Just one question would have sufficed: What did you learn from the war, Newt? — or Mitt or Rick or Michele or Jon or Ron or Rick again? Is there a lesson there for the rest of us? Does it make you cautious about promising war with Iran and aligning yourself too closely with Israel’s right-wingers? Have you learned something about the limits of air power or about upsetting the balance of power? Have you visited the amputee ward of a VA hospital and seen the pain — the constant, throbbing pain? Have you looked into the eyes of a wounded man or woman and said, “Sorry, we’re moving on.”
     This cruel was is over, and now we have to debate whether Newt Gingrich was or was not a lobbyist.

Cassi Creek:
          Like Cohen, I must admit some early support of the Iraq war.  I allowed my concern for the continued security of Israel (mostly because of the numerous Scud attacks launched at Israel by Hussein’s command during the Gulf War) to override my distrust of Bush, Cheney, and the theocons who stood to profit from a war.  I believed sufficiently in the mental instability of an Arab dictator to discount the depth of greed and stupidity driving the demands for an invasion of Iraq.  I owe a fervent apology to the families of our dead, to our wounded, and to the troops who spent multiple tours of duty trying to build a nation out of Iraqi ruins while our nation decayed due to the GOP’s utter lack of concern for anything but further enriching the rich. 
          The Iraqi war troops are now out of a war that kept them gainfully employed.  They are coming home to search for jobs that no longer remain, to families that are ill equipped to deal with combat veterans and their peculiarities, and to a Veterans Affairs department that is woefully underfunded to care for them and their injuries, apparent and/or concealed.  The funding is controlled by a GOP that couldn’t wait to send them off to fight but which also could not be bothered to fund the war and its aftermath. 
          As a veteran, I find it inconceivable that any modern government would treat its troops so poorly.  But there is a decided lack of concern for the troops, partly because, so very few of our elected representatives and officials have actually worn the country’s uniform, and even fewer have been under fire. 
          So many of the GOP’s elected have neither family members in the military or any other contact beyond shaking hands with the hastily cleaned up troops during a “fact-finding” trip that is usually little but a re-election photo shoot. 
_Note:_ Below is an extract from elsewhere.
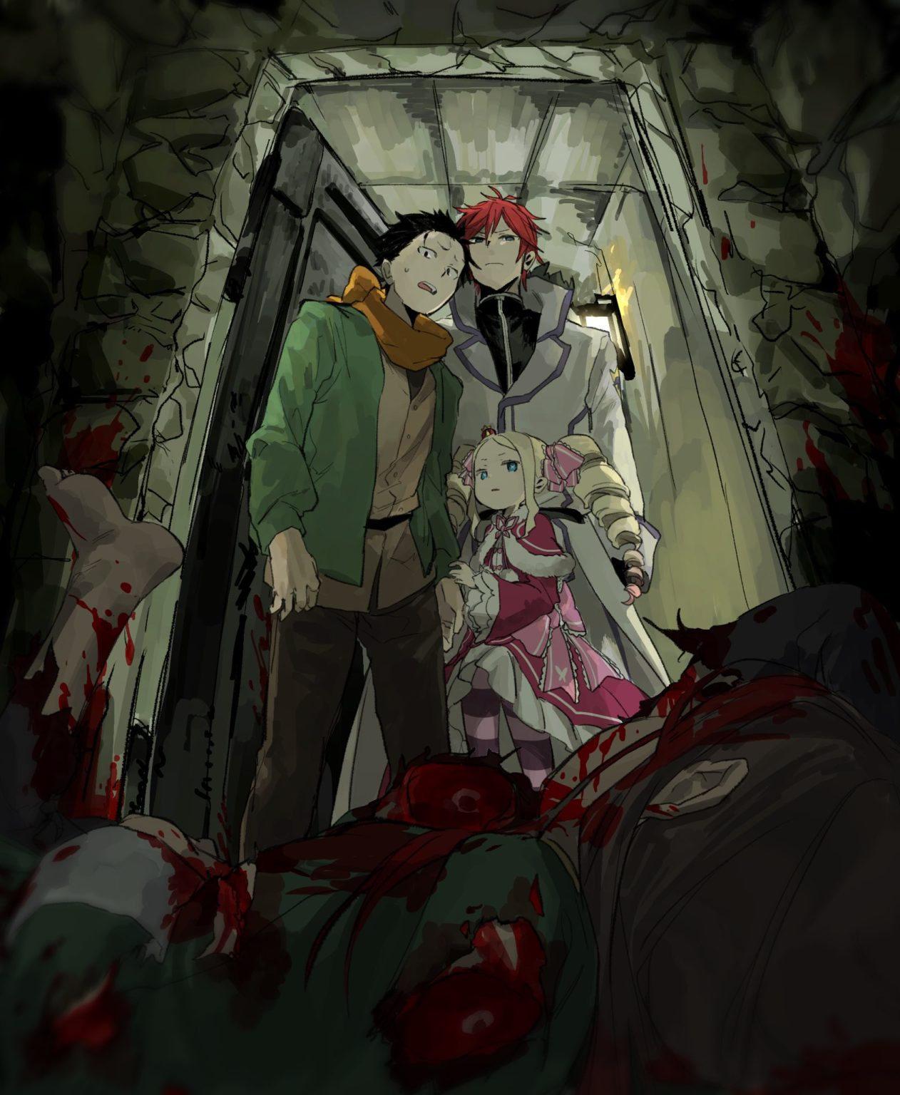 İstemsizce göğsünü tutup olduğu yere diz çöken Subaru’ya, onunla birlikte dışarı sürüklenen Beatrice şaşkın gözlerle bakıyordu. Telaşla sağa sola koşturan, başını ve omzunu pıt pıtlayan Beatrice’in ellerine teslim olurken Subaru o çarpıcı manzara karşısında göğsüne saplanan ağrıyı hissetti.

          So, young in age, old in experience troops, your bit of this war, the Iraqi war, is over.  There’s every chance you’ll visit fun, fascinating Afghanistan before it ends.  The economy, featuring outsourced jobs and no more social safety nets, may make 30-year men and women out of you if the Pentagon’s funding isn’t cut. 
          However, as Cohen notes, there is a madness among the GOP/teavangelist candidates that combines greed, anti- Islam behavior, and an over-abundance of stupidity into drumming up a new Crusade.  Iran, sadly all too likely to give them another attack as a rallying point like the attacks of 11 Sept 2001 is likely to be our next theater of operations.  It won’t be our best troops against Hussein’s politically reliable.  Iran’s armed forces will be better trained, better equipped, and will be certain that Allah is on their side.  
          Until the next crusade, driven by the teavangelists and other groups eager to start a world war over religion, succeed in pulling you back into the dirty end of things, Welcome home, troops!